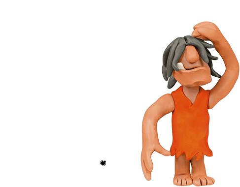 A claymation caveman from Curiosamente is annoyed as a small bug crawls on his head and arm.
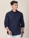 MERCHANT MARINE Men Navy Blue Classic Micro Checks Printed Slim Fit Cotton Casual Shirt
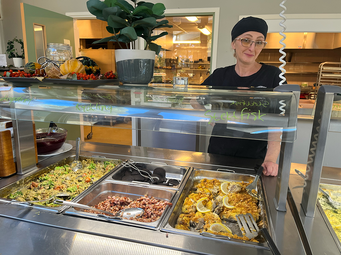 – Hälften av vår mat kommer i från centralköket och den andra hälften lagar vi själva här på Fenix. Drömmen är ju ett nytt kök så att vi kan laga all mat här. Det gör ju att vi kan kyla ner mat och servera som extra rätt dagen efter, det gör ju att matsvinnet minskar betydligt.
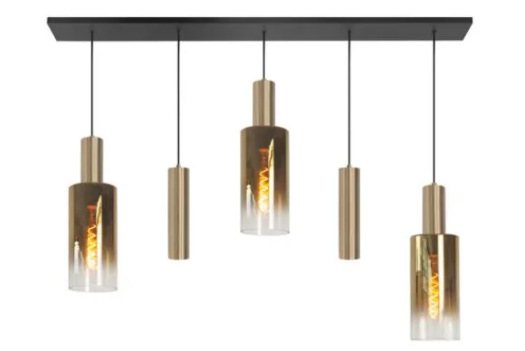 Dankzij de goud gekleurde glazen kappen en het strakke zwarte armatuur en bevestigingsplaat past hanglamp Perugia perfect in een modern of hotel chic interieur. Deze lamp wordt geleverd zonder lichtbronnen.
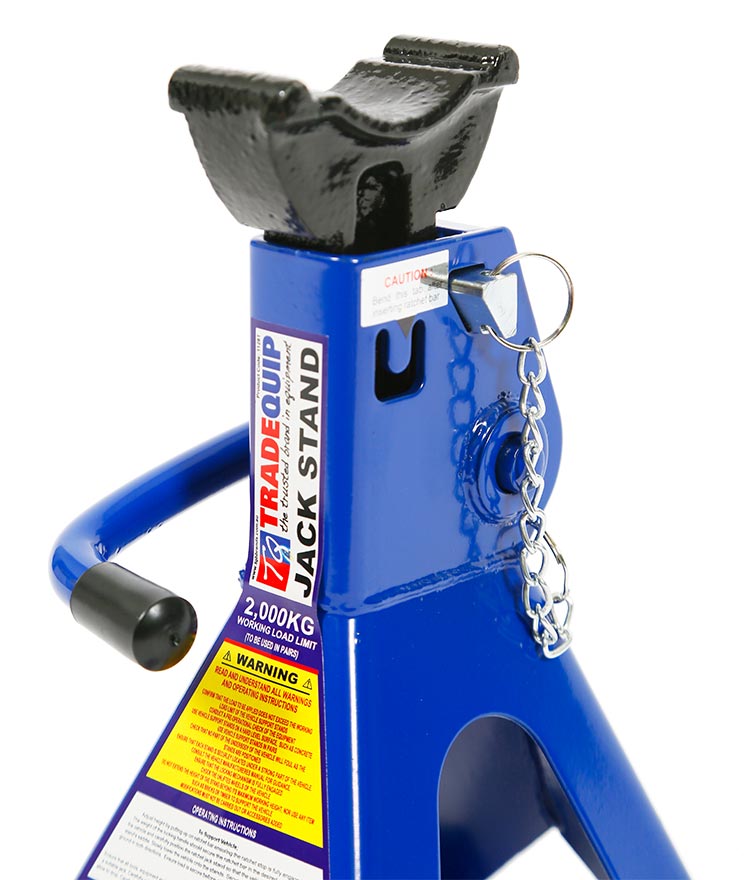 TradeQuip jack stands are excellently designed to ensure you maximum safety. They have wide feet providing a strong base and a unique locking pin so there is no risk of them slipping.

------------------------------

__Your assignment__. Transcribe the whole listing exactly. Pictures stay out of your copy.

__Answer to the exercise__.
 A claymation caveman from Curiosamente is annoyed as a small bug crawls on his head and arm.
 MERCHANT MARINE Men Navy Blue Classic Micro Checks Printed Slim Fit Cotton Casual Shirt
 – Hälften av vår mat kommer i från centralköket och den andra hälften lagar vi själva här på Fenix. Drömmen är ju ett nytt kök så att vi kan laga all mat här. Det gör ju att vi kan kyla ner mat och servera som extra rätt dagen efter, det gör ju att matsvinnet minskar betydligt.
 Dankzij de goud gekleurde glazen kappen en het strakke zwarte armatuur en bevestigingsplaat past hanglamp Perugia perfect in een modern of hotel chic interieur. Deze lamp wordt geleverd zonder lichtbronnen.
 TradeQuip jack stands are excellently designed to ensure you maximum safety. They have wide feet providing a strong base and a unique locking pin so there is no risk of them slipping.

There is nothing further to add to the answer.